━━ Available data ━━
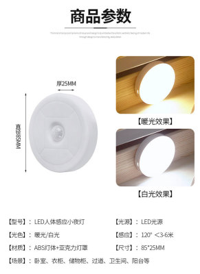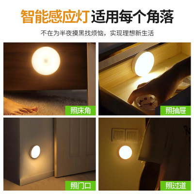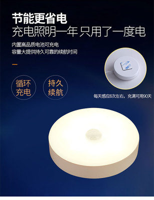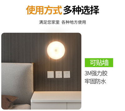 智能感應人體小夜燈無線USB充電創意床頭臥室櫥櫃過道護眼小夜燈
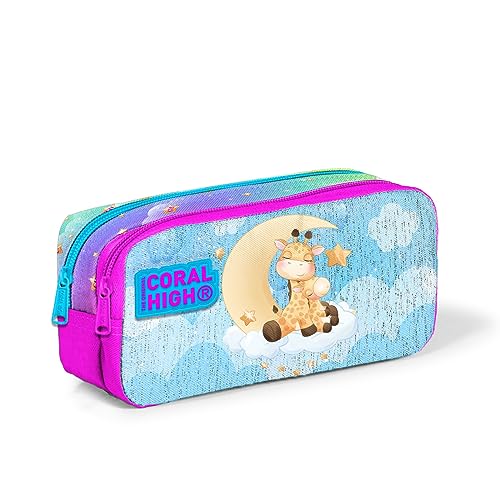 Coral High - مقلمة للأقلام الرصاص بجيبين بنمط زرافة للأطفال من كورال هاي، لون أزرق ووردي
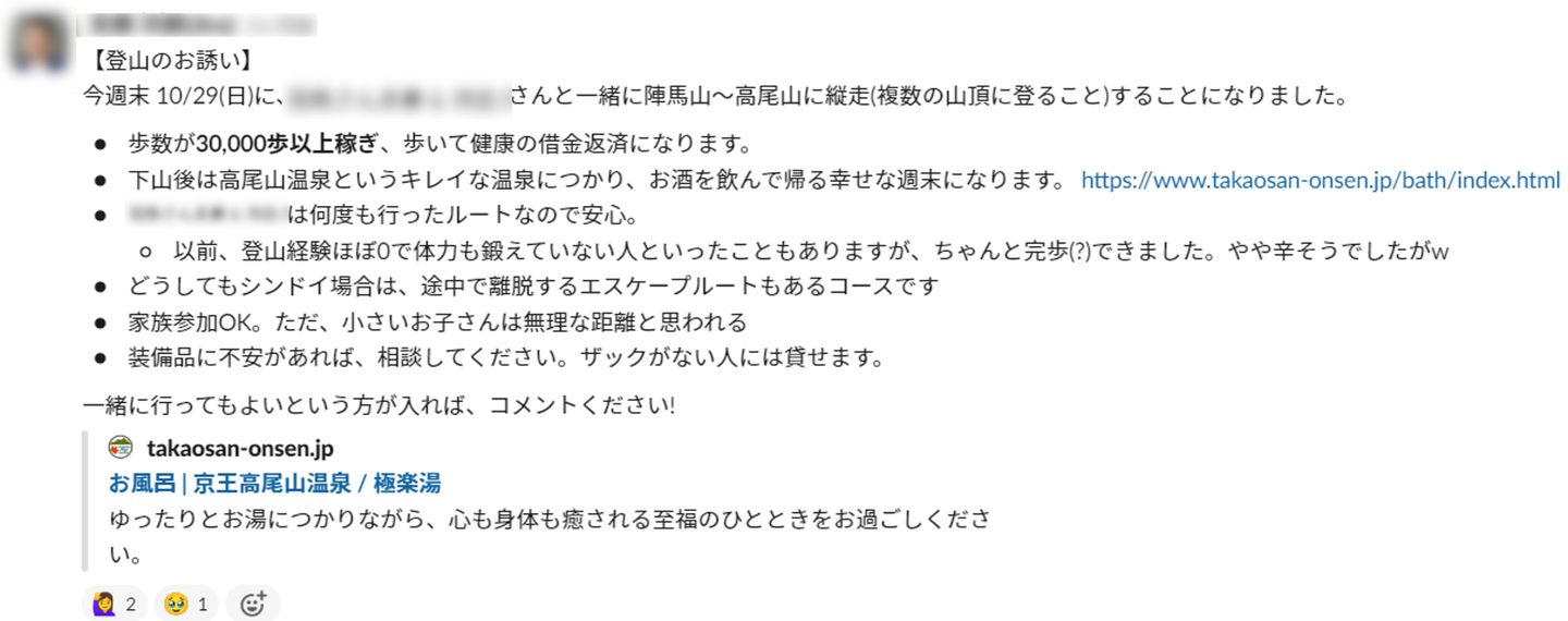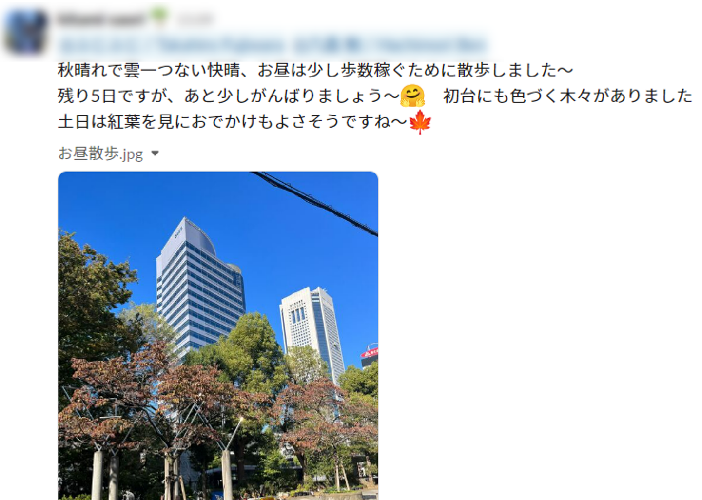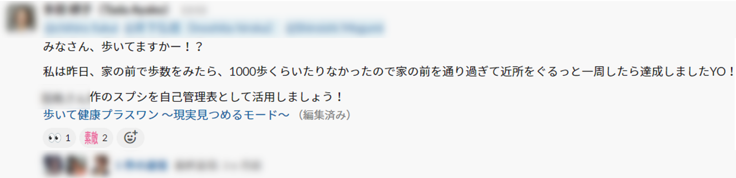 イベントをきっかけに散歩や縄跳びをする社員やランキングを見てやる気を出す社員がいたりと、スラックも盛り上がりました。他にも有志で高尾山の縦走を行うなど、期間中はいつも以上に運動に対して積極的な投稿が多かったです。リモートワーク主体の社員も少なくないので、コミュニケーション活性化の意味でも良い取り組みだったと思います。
━━━
━━ Available data ━━
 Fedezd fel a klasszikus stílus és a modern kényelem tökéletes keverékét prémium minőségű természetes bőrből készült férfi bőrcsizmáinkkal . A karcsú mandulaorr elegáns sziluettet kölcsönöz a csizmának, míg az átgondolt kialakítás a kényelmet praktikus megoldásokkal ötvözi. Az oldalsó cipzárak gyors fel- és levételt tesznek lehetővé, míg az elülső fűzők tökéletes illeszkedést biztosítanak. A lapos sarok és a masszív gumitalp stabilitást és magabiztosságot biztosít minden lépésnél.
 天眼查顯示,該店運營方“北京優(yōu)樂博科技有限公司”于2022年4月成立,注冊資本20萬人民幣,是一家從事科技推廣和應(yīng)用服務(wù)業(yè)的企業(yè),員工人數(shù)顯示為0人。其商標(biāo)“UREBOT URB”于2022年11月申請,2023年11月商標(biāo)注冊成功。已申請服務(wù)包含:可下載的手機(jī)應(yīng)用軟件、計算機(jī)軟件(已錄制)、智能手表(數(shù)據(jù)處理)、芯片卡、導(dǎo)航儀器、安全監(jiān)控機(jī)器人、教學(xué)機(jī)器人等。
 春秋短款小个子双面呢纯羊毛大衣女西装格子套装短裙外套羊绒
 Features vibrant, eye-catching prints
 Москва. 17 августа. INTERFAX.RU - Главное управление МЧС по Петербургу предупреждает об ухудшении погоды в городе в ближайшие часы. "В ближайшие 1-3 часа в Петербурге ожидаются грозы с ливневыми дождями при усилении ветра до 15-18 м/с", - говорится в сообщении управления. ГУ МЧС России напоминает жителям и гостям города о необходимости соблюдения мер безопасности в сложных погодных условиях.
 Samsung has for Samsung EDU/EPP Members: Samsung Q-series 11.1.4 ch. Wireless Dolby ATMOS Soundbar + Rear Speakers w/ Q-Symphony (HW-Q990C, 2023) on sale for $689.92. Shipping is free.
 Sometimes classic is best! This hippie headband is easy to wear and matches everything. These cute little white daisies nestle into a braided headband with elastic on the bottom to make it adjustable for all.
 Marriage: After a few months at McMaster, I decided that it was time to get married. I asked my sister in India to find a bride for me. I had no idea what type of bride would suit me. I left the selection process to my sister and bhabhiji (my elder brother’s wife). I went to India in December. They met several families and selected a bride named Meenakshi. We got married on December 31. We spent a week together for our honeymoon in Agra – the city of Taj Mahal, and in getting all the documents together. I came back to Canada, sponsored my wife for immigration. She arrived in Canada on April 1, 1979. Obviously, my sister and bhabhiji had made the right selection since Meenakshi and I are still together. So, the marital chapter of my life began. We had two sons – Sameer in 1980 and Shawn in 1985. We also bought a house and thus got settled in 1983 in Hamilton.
━━━
━━ Available data ━━
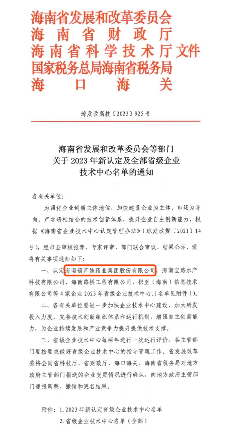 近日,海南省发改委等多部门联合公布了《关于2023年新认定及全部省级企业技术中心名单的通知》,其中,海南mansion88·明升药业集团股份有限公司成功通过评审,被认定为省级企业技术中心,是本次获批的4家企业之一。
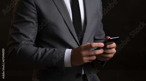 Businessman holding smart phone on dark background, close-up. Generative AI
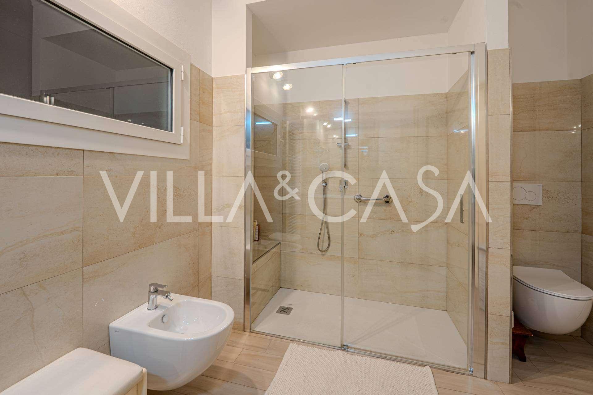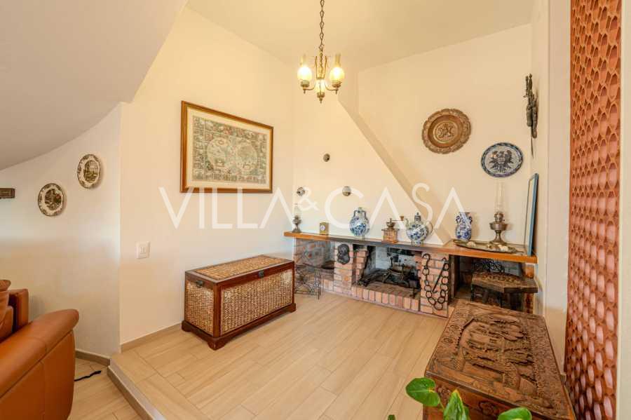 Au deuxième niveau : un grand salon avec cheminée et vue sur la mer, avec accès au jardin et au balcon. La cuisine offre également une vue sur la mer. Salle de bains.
━━━
_What to produce_
In the data above, retype only the stretch from the line with "近日,海南省发改委等多部门联" through the line with "Au deuxième niveau", word for word, and skip any pictures.

_Answer section_
 近日,海南省发改委等多部门联合公布了《关于2023年新认定及全部省级企业技术中心名单的通知》,其中,海南mansion88·明升药业集团股份有限公司成功通过评审,被认定为省级企业技术中心,是本次获批的4家企业之一。
 Businessman holding smart phone on dark background, close-up. Generative AI
 Au deuxième niveau : un grand salon avec cheminée et vue sur la mer, avec accès au jardin et au balcon. La cuisine offre également une vue sur la mer. Salle de bains.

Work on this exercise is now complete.